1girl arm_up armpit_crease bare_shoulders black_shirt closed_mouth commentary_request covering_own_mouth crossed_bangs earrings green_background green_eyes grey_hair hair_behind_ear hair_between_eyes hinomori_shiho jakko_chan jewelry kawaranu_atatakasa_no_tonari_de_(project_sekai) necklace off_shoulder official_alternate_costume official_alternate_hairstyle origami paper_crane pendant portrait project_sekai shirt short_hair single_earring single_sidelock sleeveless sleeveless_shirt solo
____
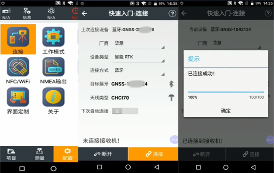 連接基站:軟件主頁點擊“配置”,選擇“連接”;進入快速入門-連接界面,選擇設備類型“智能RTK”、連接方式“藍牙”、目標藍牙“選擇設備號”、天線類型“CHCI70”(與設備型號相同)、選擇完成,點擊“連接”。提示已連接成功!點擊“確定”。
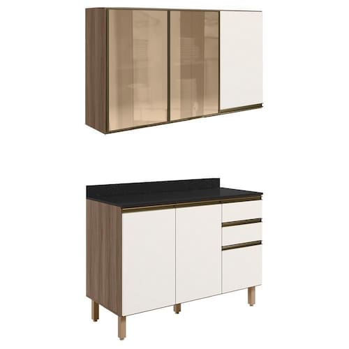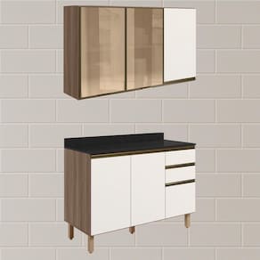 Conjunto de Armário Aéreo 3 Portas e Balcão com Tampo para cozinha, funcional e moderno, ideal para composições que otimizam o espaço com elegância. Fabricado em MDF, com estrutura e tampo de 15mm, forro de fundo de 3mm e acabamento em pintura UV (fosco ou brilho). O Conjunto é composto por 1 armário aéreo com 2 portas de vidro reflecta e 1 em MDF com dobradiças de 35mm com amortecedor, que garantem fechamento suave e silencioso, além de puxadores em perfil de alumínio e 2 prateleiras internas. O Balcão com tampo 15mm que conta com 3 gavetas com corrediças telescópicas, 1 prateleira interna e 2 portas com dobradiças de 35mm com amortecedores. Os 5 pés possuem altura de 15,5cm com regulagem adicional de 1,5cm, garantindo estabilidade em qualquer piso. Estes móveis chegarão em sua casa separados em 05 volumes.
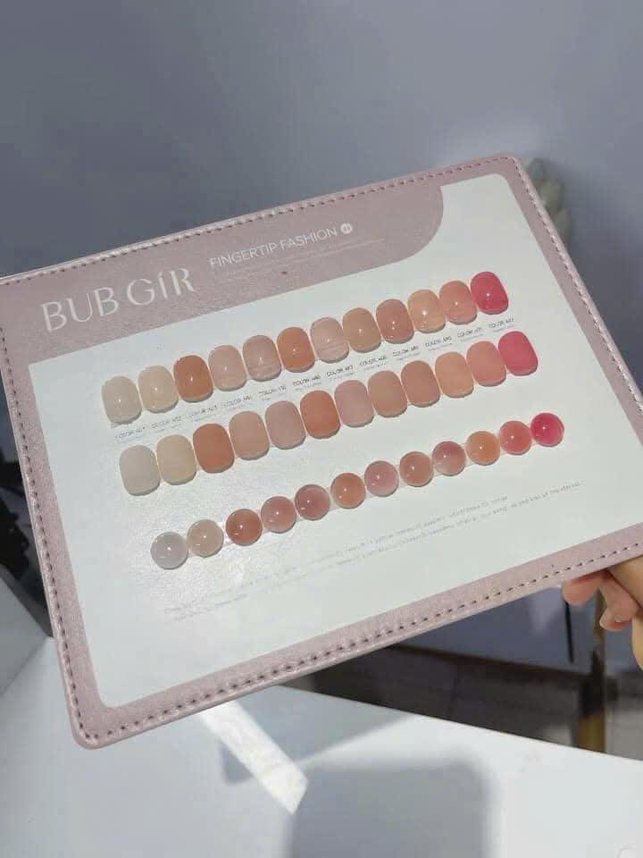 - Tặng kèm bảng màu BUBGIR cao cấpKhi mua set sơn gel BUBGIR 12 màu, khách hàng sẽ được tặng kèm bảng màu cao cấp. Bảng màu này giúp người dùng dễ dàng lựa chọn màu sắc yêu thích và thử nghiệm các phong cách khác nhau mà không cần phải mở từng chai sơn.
____
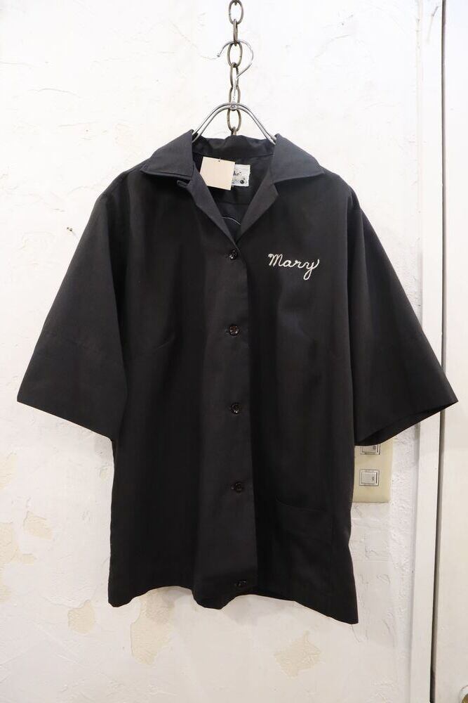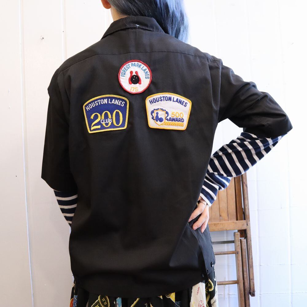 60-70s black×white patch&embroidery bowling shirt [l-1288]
____
_Task goal_
Within the listing above, the stretch from the line with "Conjunto de Armário" down to the line with "- Tặng kèm bảng" is to be given again exactly, end lines included and pictures excluded.

_Exercise output_
 Conjunto de Armário Aéreo 3 Portas e Balcão com Tampo para cozinha, funcional e moderno, ideal para composições que otimizam o espaço com elegância. Fabricado em MDF, com estrutura e tampo de 15mm, forro de fundo de 3mm e acabamento em pintura UV (fosco ou brilho). O Conjunto é composto por 1 armário aéreo com 2 portas de vidro reflecta e 1 em MDF com dobradiças de 35mm com amortecedor, que garantem fechamento suave e silencioso, além de puxadores em perfil de alumínio e 2 prateleiras internas. O Balcão com tampo 15mm que conta com 3 gavetas com corrediças telescópicas, 1 prateleira interna e 2 portas com dobradiças de 35mm com amortecedores. Os 5 pés possuem altura de 15,5cm com regulagem adicional de 1,5cm, garantindo estabilidade em qualquer piso. Estes móveis chegarão em sua casa separados em 05 volumes.
 - Tặng kèm bảng màu BUBGIR cao cấpKhi mua set sơn gel BUBGIR 12 màu, khách hàng sẽ được tặng kèm bảng màu cao cấp. Bảng màu này giúp người dùng dễ dàng lựa chọn màu sắc yêu thích và thử nghiệm các phong cách khác nhau mà không cần phải mở từng chai sơn.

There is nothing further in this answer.